REQUIRED WORK
Exactly and only the lines from the first entry through the line with "And oh, the" should be copied, both ends included, with no pictures.

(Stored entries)
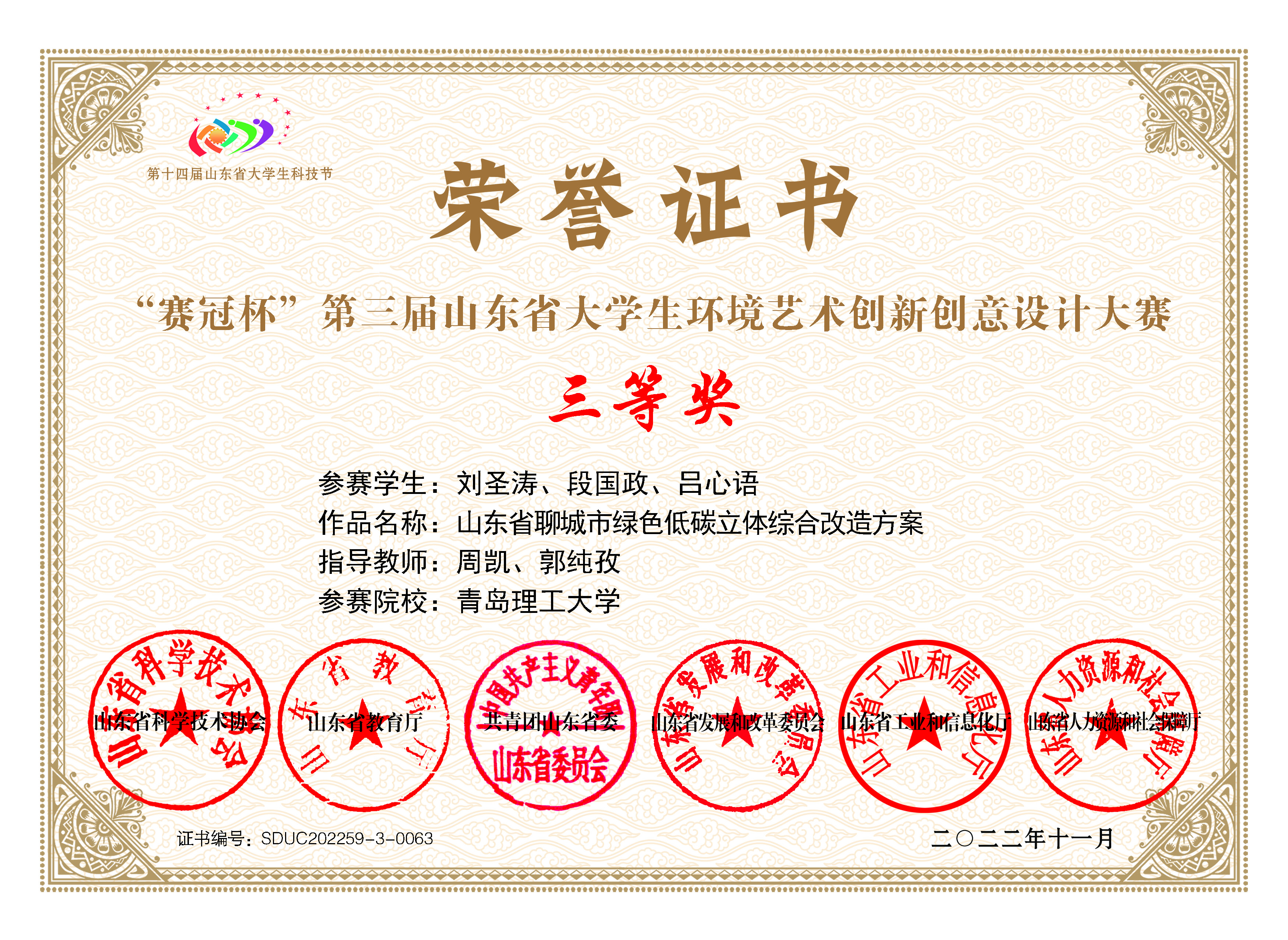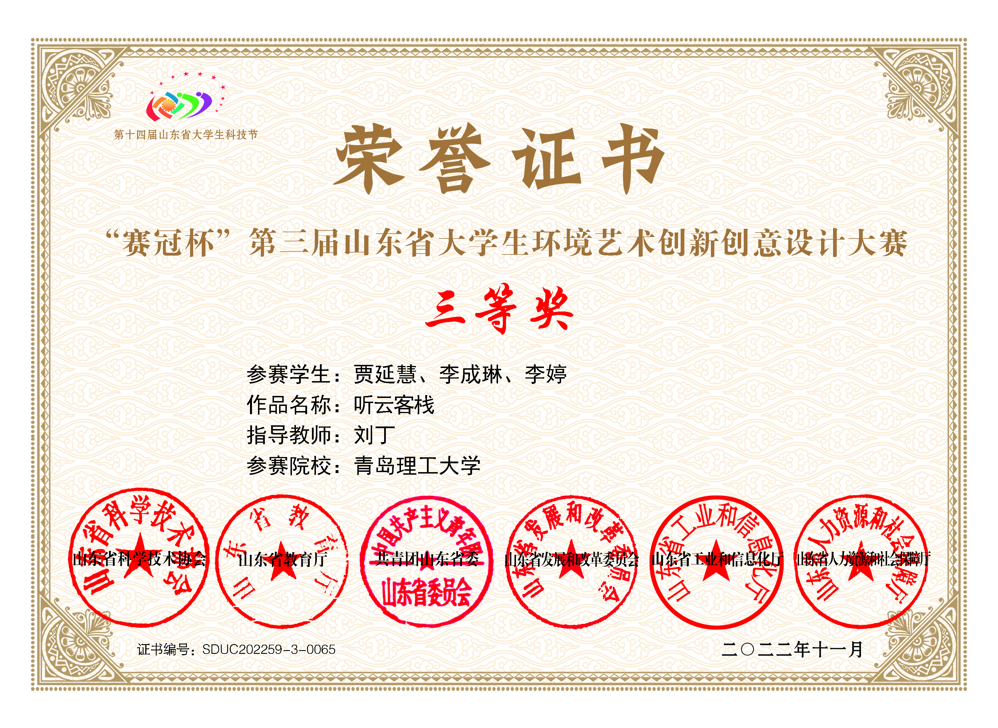 近日,由山东省科学技术协会、山东省教育厅、共青团山东省委、山东省发展和改革委员会山东省工业和信息化厅、山东省人力资源和社会保障厅主办的第十四届山东省大学生科技节--“赛冠杯”第三届山东省大学生环境艺术创新创意设计大赛圆满落幕。管理工程学院“攻防兼备队”(成员:刘圣涛、吕心语、段国政;指导教师:周凯、郭纯孜)获得三等奖,“真正经人队”(成员:贾延慧、李成琳、李婷;指导教师:刘丁)获得三等奖。
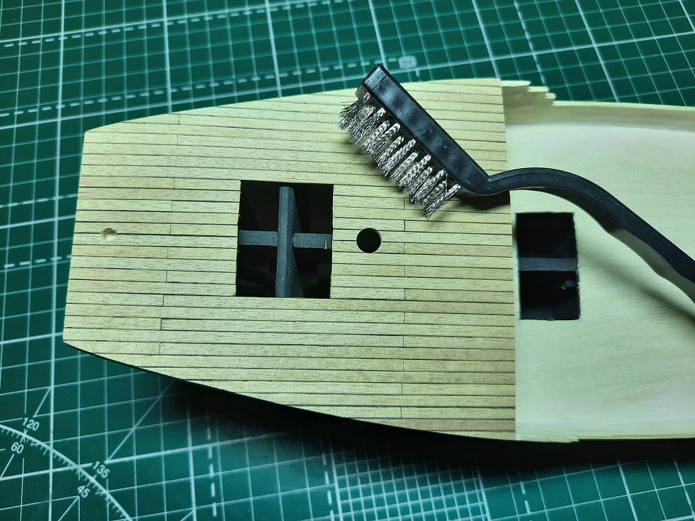 Затем обработал получившуюся поверхность палубы вот такой металлической щёткой.
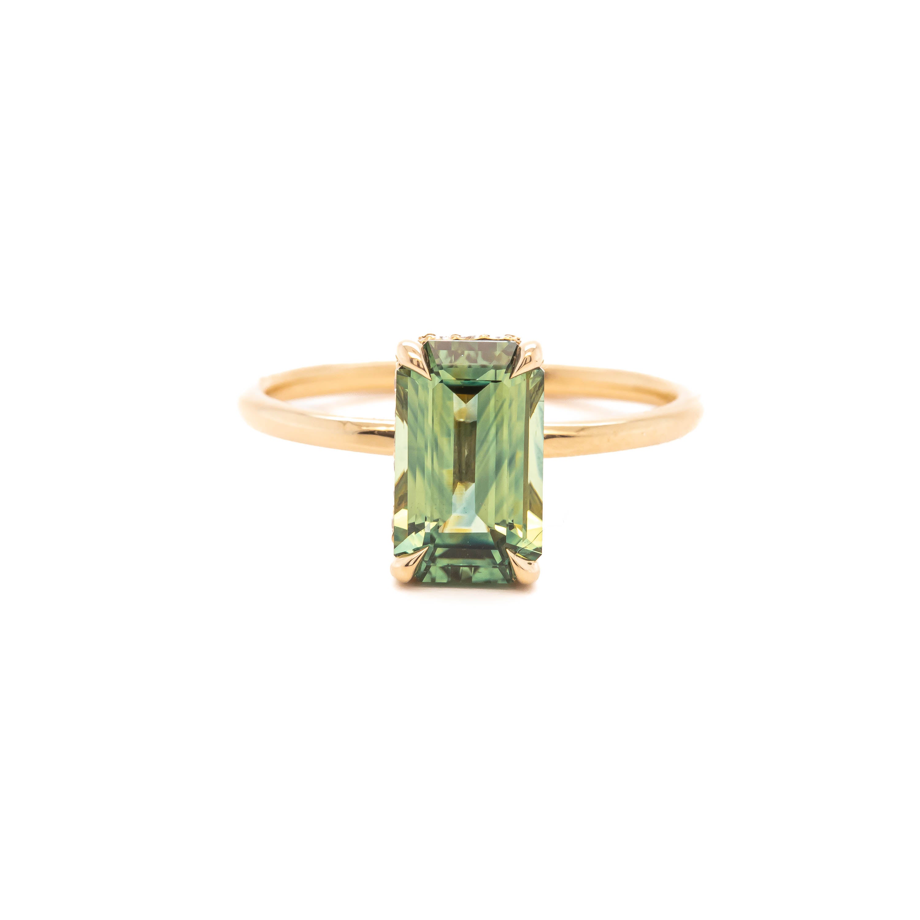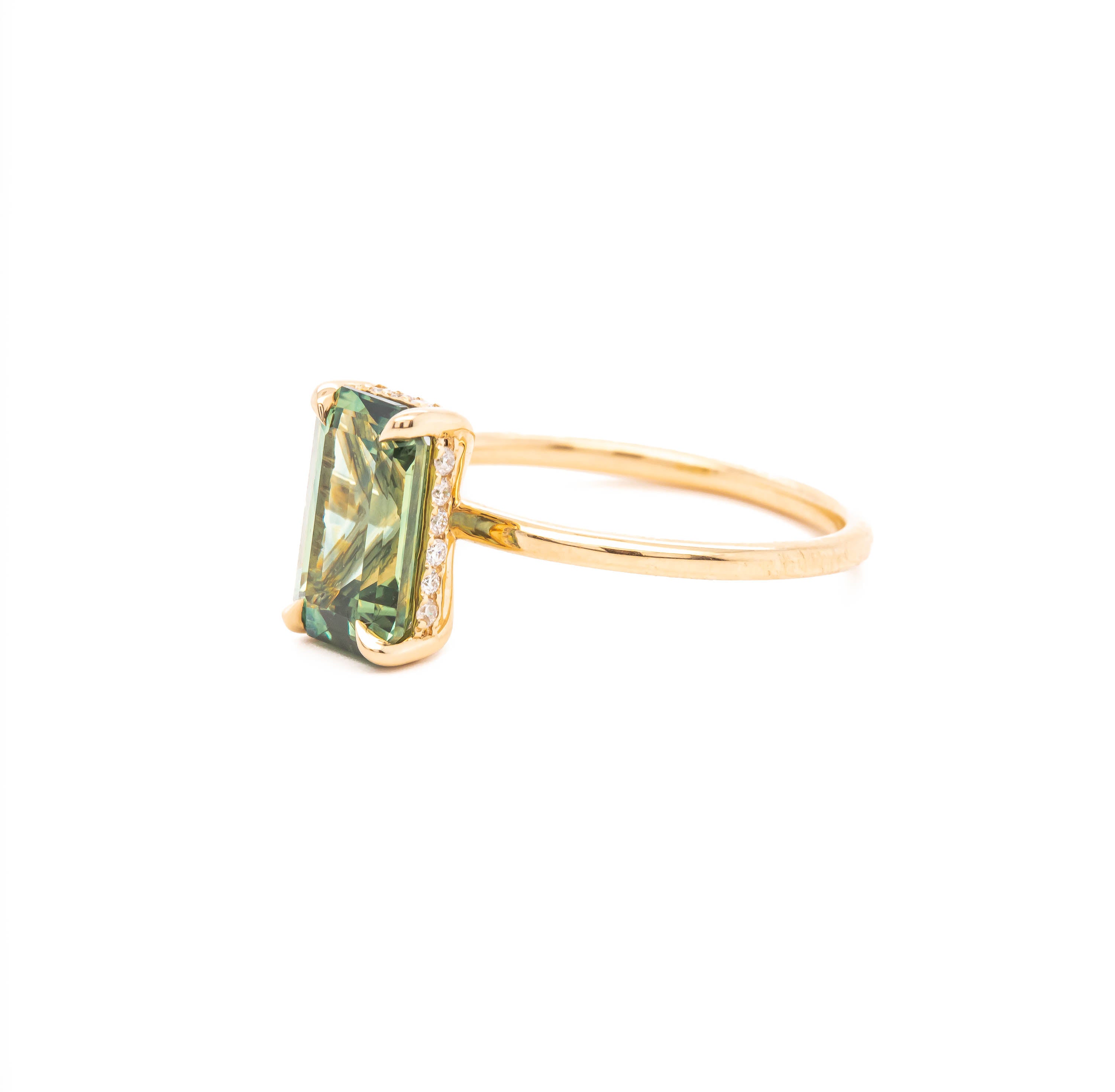 center stone: 2.79ct Emerald cut watercolor Montana sapphire
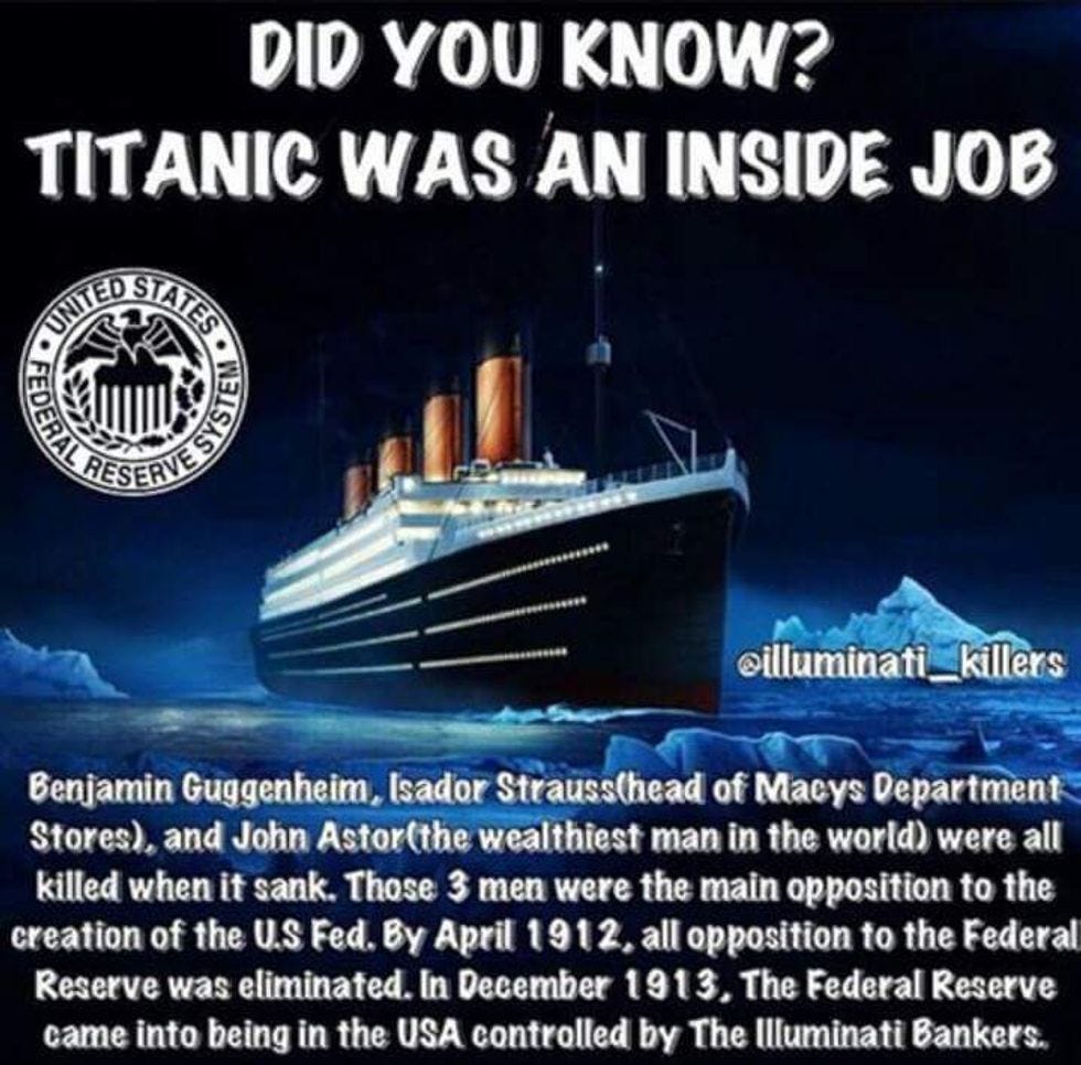 And oh, the retweets! If it's a hidden truth about what THEY are doing to secretly run the world, "Visionquestion" wants to spread the news. Not just Chemtrails and HAARP weather control, but also black chemtrails, which we'd never heard of. Evolution is a lie, of course, as is global warming, and Winston Churchill regularly threw Illuminati gang signs, too. Also -- another new one for us -- the sinking of the Titanic was an inside job, because the Illuminati needed to kill off the three wealthiest opponents of the Federal Reserve and start the first World War, because suddenly the International Banking Conspiracy is full of Jesuits, not Jews:
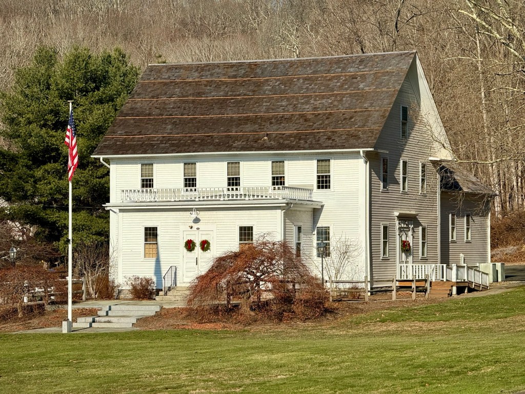 This altered building in the center of Chester Connecticut’s village Main Street, has historically been known as the Chester House, a hotel and tavern to provide lodging and drinks to travelers passing through the area in the mid-late 19th century. The structure, built atop a raised stone foundation, was constructed in the Greek Revival style around 1840, and long had a sheltered two-story portico supported by four monumental columns under a gabled roof which resembled a pediment. In 1903, a fire destroyed the upper floor and the roof was removed, creating a flat roof design. Later in the 20th century, a shallow side gable roof replaced the flat roof and the columns on the facade were also removed, giving the building the appearance we see today. The hotel closed, but the historic structure remains an anchor to the town’s vibrant commercial center, and houses a local business.
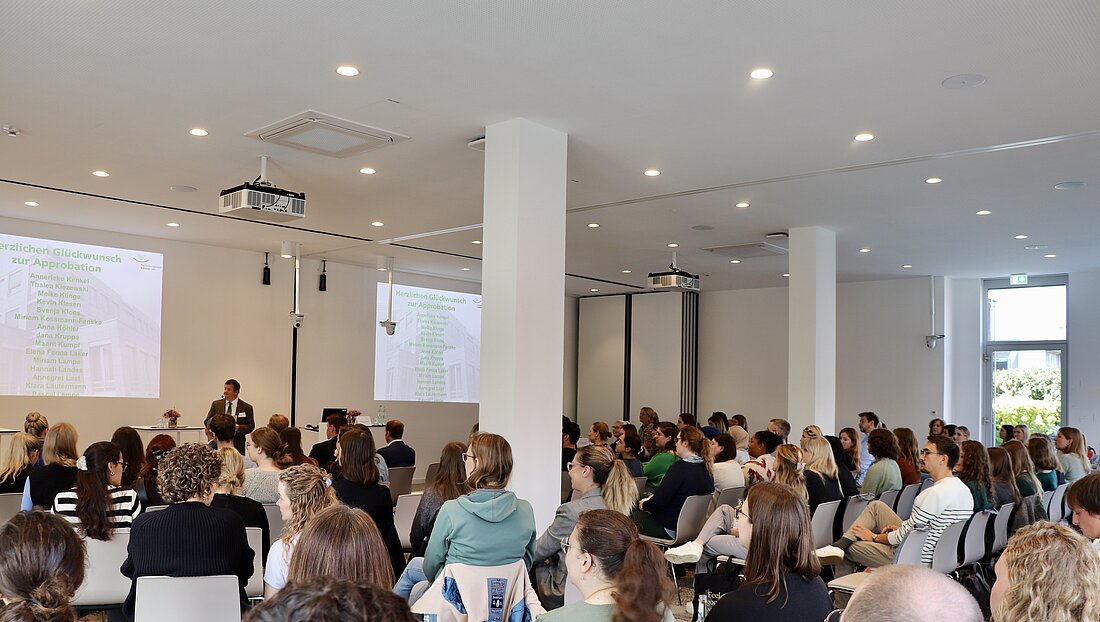 An die 130 Neuapprobierte informierten sich am 13. September 2025 am „Tag der Neuapprobierten“ in der Geschäftsstelle der Psychotherapeutenkammer Nordrhein-Westfalen über ihre berufliche Selbstverwaltung und das Versorgungswerk der Kammer. Weitere Themen waren die Zulassung zur vertragspsychotherapeutischen Versorgung und Hinweise für Berufstätigkeit in eigener Praxis oder in Anstellung.
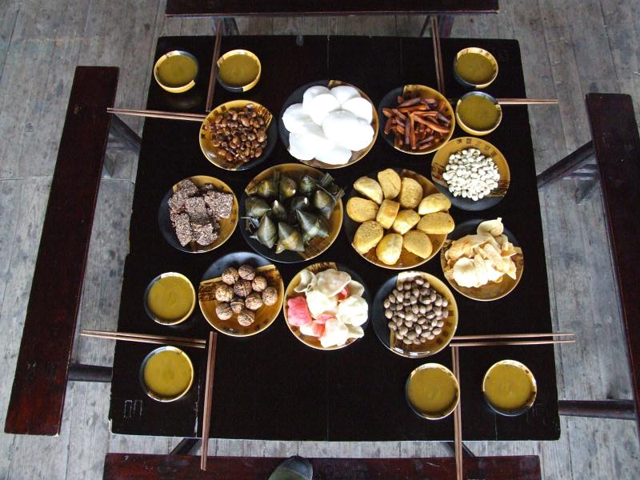 仡佬盛宴“三幺台”由三道程序组成。不论是取食顺序,还是菜品数量,都颇有讲究。
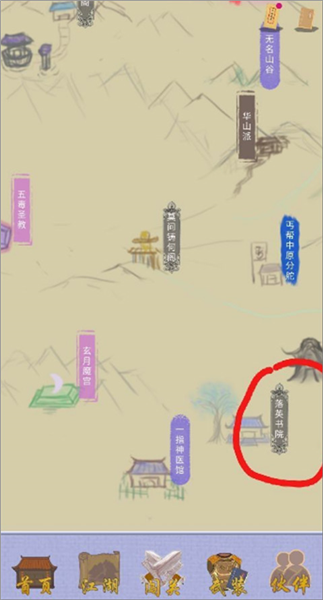 1、首先进入游戏,不用选皇族学千军万马,进入地图页,把所有地方都走一遍,把所有可以免费领的宝箱盒子全部领一遍,差不多有6万铜币,去落英书院买一本逍遥游,去背包界面学了,放到技能栏里(落英书院位置:地图左下角略微往右一点)。
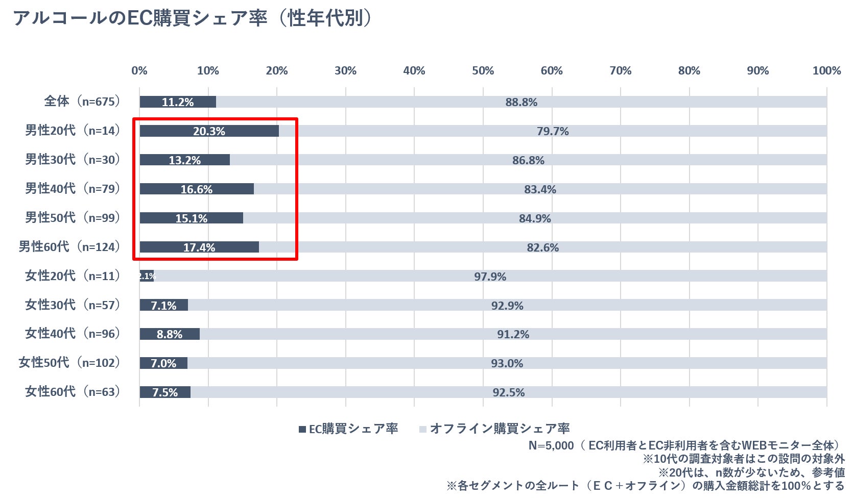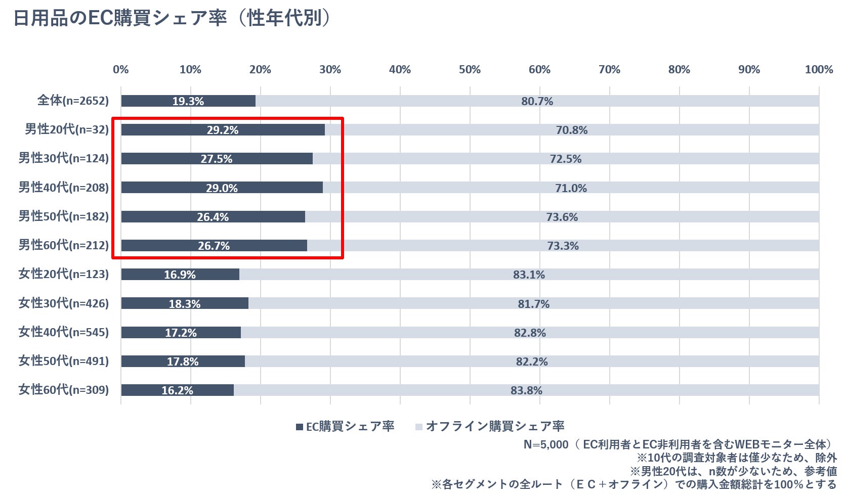 これらの結果から、EC生活者にとって、健康食品・飲料などの特定のジャンルにおいてはECでの購入が一般的な行動になりつつあるようだ。また、ボディケア・ヘアケアや日用品、飲料、アルコールといった、従来はスーパーやコンビニなどのリアルリテールで購入されてきた商品の購入チャネルが、男性を中心にECにシフトしつつあることがうかがえる。

SOLUTION FOR THIS TASK
 近日,由山东省科学技术协会、山东省教育厅、共青团山东省委、山东省发展和改革委员会山东省工业和信息化厅、山东省人力资源和社会保障厅主办的第十四届山东省大学生科技节--“赛冠杯”第三届山东省大学生环境艺术创新创意设计大赛圆满落幕。管理工程学院“攻防兼备队”(成员:刘圣涛、吕心语、段国政;指导教师:周凯、郭纯孜)获得三等奖,“真正经人队”(成员:贾延慧、李成琳、李婷;指导教师:刘丁)获得三等奖。
 Затем обработал получившуюся поверхность палубы вот такой металлической щёткой.
 center stone: 2.79ct Emerald cut watercolor Montana sapphire
 And oh, the retweets! If it's a hidden truth about what THEY are doing to secretly run the world, "Visionquestion" wants to spread the news. Not just Chemtrails and HAARP weather control, but also black chemtrails, which we'd never heard of. Evolution is a lie, of course, as is global warming, and Winston Churchill regularly threw Illuminati gang signs, too. Also -- another new one for us -- the sinking of the Titanic was an inside job, because the Illuminati needed to kill off the three wealthiest opponents of the Federal Reserve and start the first World War, because suddenly the International Banking Conspiracy is full of Jesuits, not Jews:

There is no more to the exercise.